Im Fußball ist es nicht selten, dass sich Großsponsoren eine Mannschaft "kaufen". Siehe FC Chelsea oder, wenn auch in anderer Ausprägung, TSG Hoffenheim. Für den Hockeysport ist das aber ein Erdbeben, oder?

Hilgers Das ist eine Sensation. Da sind Summen im Spiel, die im deutschen Hockey bislang unbekannt waren. Sonst würden die Spieler ja nicht aus Holland, wo viel gezahlt wird, zurückkommen. Es geht da um große sechsstellige Beträge.

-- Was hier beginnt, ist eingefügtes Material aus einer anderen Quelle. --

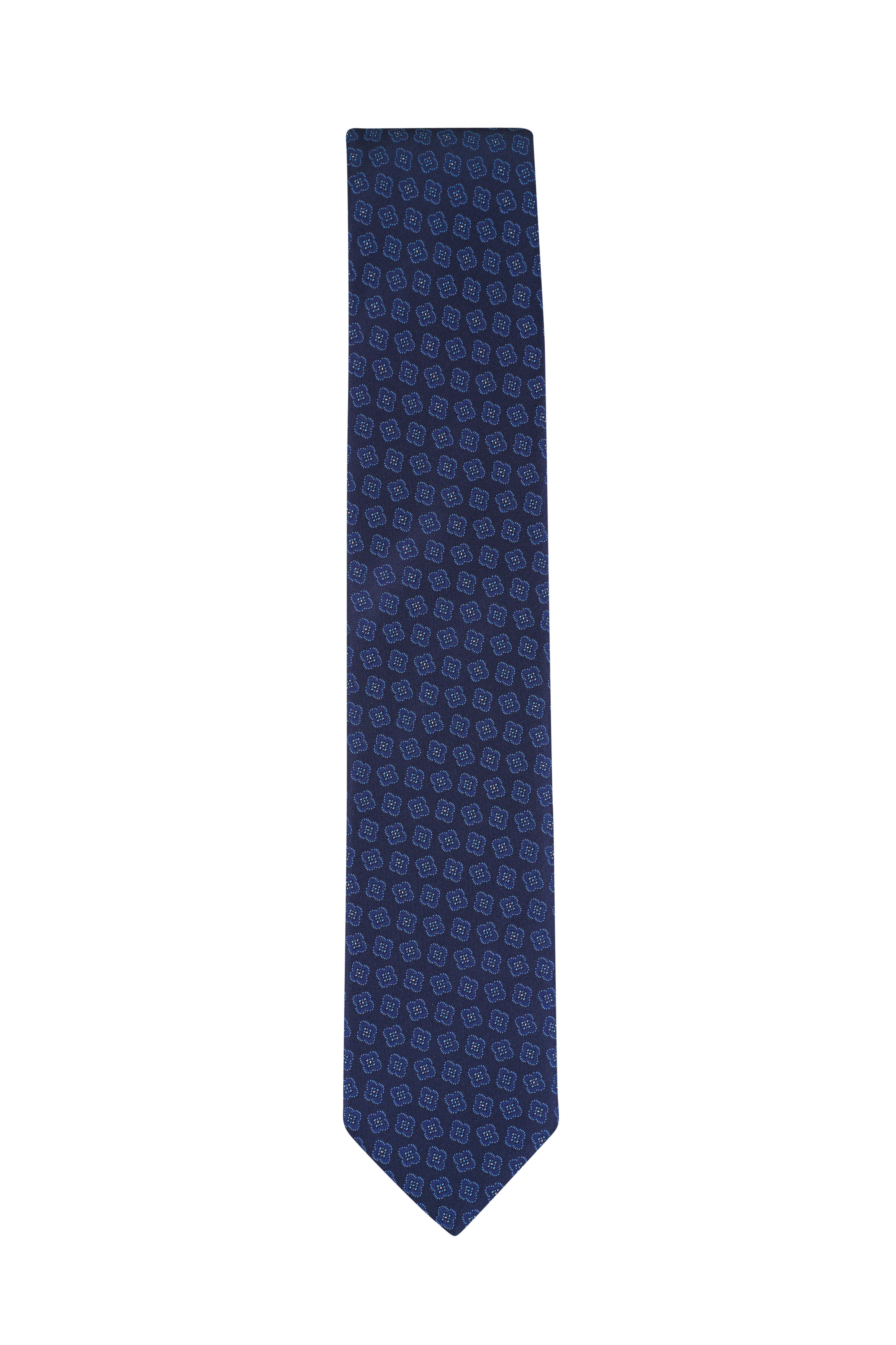 Navy Blue Medallion Woven Silk Necktie
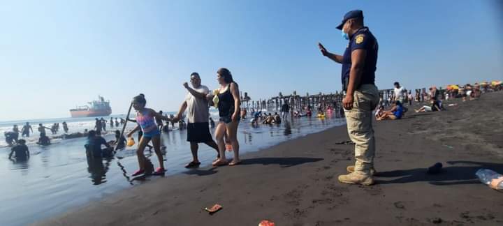 Agentes de la División de Seguridad Turística (Disetur) de la Policía Nacional Civil (PNC) brindan seguridad a turistas en las playas públicas del sur de Guatemala.

Fußball ist eine andere Welt, da ziehen Stars Tausende von Zuschauern an. Das ist beim Hockey nicht so, da geht es vor allem um strukturelle Arbeit im Verein. Zudem gibt es bei Chelsea und Hoffenheim ein richtiges Vereinskonzept.

Wurde eine Art Ehrenkodex verletzt?

Hilgers In der Bundesliga haben die Westvereine ständigen Kontakt. Und wir haben vereinbart, dass wir uns nicht einfach Spieler wegnehmen, auch Rot-Weiß Köln war dabei. Für Krefeld, den amtierenden Meister, könnte die Sache verheerende Folgen haben. Neben Timo Weß geht sein Bruder Benjamin zu Rot-Weiß. Mal abwarten, was mit Matthias Witthaus ist. Zudem studieren 80 Prozent der CHTC-Spieler in Köln. Wer weiß, wer noch wechselt. Timo Weß hat seine Entscheidung der Mannschaft von heute auf morgen mitgeteilt, es war für das Team ein Schock.

Karsten Kellermann sprach mit GHTC-Manager Michael Hilgers.